Его попросили выйти на минуту, чтобы обсудить существо его речи и принять решение по всей форме. Он вышел, и когда начали высказываться, поэт выскочил с возражениями, чтобы во второй раз противиться. Но Ранкюн снова разбил их и еще бы лучше отделал его, если бы не глянул на свое новое платье, купленное на занятые у него деньги. Наконец он заключил, что того надо принять для развлечения труппы. Раготена позвали, и когда тот вошел, Дестен произнес приговор в его пользу. Совершили обычные церемонии: вписали его в список, он дал клятву верности, ему дали имя,[367]367
«...ему дали имя...» Между комедиантами существовал обычай носить тайные имена, известные только людям их профессии; нередко также у них был и свой профессиональный язык.
[Закрыть] по которому его могли бы узнавать комедианты, и он ужинал в этот вечер вместе со всей труппой.
Отъезд Леандра. Комическая труппа отправляется в Алансон. Несчастье с Раготеном
После ужина все поздравляли Раготена с честью, какую ему оказали, приняв его в труппу, от чего он так надулся, что его камзол лопнул в двух местах. Между тем Леандр нашел случай поговорить со своею дорогой Анжеликой и подтвердить ей свое намерение жениться на ней; но он (указал это с такой нежностью, что она отвечала ему только глазами, из которых пролилось несколько слез. Я не знаю, было ли это с радости от прекрасного обещания Леандра или с печали об его отъезде, но, как бы то ни было, они выказали много нежности, и Каверн не чинила им более препятствий. Уже было довольно поздно и следовало расходиться. Леандр простился со всеми и пошел спать. Назавтра он встал рано утром и отправился с арендатором своего отца, и они ехали так быстро, что после дня пути прибыли в дом его отца, который был болен и был очень доволен его приездом и, насколько позволяли ему силы, рассказал ему о страдании, какое причинил ему его отъезд, и сказал, что страшно радуется, увидев его, чтобы дать ему последнее благословение, а вместе с ним и все свое имение, несмотря на огорчение, которое сын доставил ему своим дурным поведением, но что он надеется, что тот употребит его в будущем лучше. О дальнейшем мы расскажем при его возвращении.

Прием Раготена в труппу
Комедианты и комедиантки, одевшись, собрали свои пожитки, уложили их в сундуки, свернули свой комедийный багаж и приготовили все для отъезда. Для одной из девиц не было лошади, потому что одна из нанятых не годилась, – тогда попросили Олива найти другую. В это время вошел Раготен и, услышав предложение, сказал, что в этом нет надобности, так как он может мадемуазель Этуаль или Анжелику посадить с собою на круп, и что, по его мнению, до Алансона нельзя доехать в один день, потому что от Манса туда две добрых мили; но если ехать два дня, как это необходимо бы было сделать, то его лошадь не очень устанет от двух всадников. Но Этуаль, прервав его, сказала, что не сможет удержаться на крупе, – а это сильно огорчило человечка, который несколько утешился, когда Анжелика сказала, что она согласна.

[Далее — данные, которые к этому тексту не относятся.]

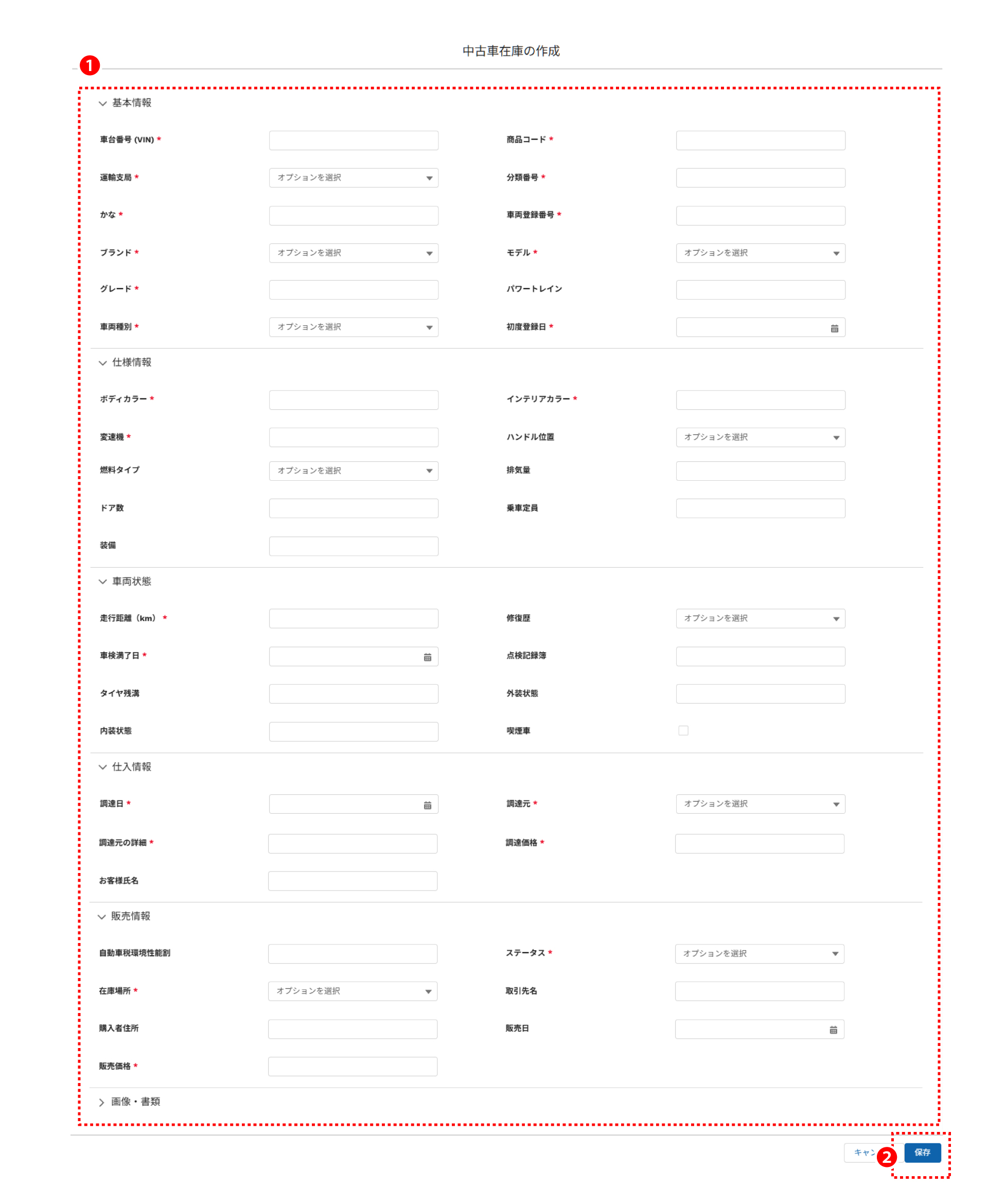❶「中古在庫の作成」画面で必須の項目を登録します。​

Они завтракали все вместе, и лекарь с женой тоже приняли в этом участие. Но в то время пока готовили завтрак, Раготен нашел случай поговорить с сеньором Фердинанди, к которому он обратился с той же самой речью, с какой обращался ранее к адвокату, когда он принял его за лекаря (о чем мы уже говорили), на что лекарь ответил, что он испробовал все тайны магии, но без всякого успеха, – и это заставило его думать, что Этуаль – гораздо большая колдунья, чем он колдун, что ее чары гораздо сильнее, чем его, и что она опасная особа, которой у него есть серьезные основания бояться. Раготен хотел ответить, но в это время все стали мыть руки и садиться за стол.
После завтрака Инезилья высказала свое и своего мужа огорчение, что вся труппа и особенно девицы так внезапно уезжают, и упрекнула их, что они сами хотели ехать с ними в Алансон, чтобы сделать им честь гораздо долее наслаждаться их разговором, а теперь заставляют одних подняться на подмостки, чтобы продавать свои снадобья, то есть, следовательно, представлять фарсы; а так как это делается публично и ничего не стоит, то публика собирается охотнее, чем на комедию, где надо платить деньги, – и, таким образом, вместо того чтобы им помочь, они им приносят вред, и, чтобы избежать этого, решились они выступить в Мансе после их отъезда. После этого они обнялись и наговорили друг другу тысячу нежностей. Девушки всплакнули, – затем все стали обмениваться множеством любезностей, исключая поэта, в других случаях говорившего за четверых, а сейчас молчавшего: столь страшный удар молнии нанесла ему разлука с Инезильей, и он не мог от него защититься, несмотря на то, что весь был покрыт парнасскими лаврами.[368]368
Лавры у древних греков и римлян считались средством, предохраняющим от удара молнии. «Покрыт парнасскими лаврами» – в переносном смысле – славой.
[Закрыть]
Повозка была нагружена и готова к отъезду. Каверн заняла то же место, какое занимала в начале этого романа, Этуаль села на лошадь, которую повел Дестен, а Анжелика поместилась позади Раготена, взгромоздившегося на лошадь с возвышения, чтобы избегнуть повторения происшествия с карабином, который он, однако, не забыл, а надел на ремне через плечо; все прочие шли пешком, в том же порядке, как въезжали в Манс.
Когда они были в небольшом леске за милю от города, им перебежал дорогу олень, которого преследовали охотники[369]369
Охота на оленей была одним из любимых развлечений дворянства; знатными вельможами она устраивалась с большой пышностью и торжественностью.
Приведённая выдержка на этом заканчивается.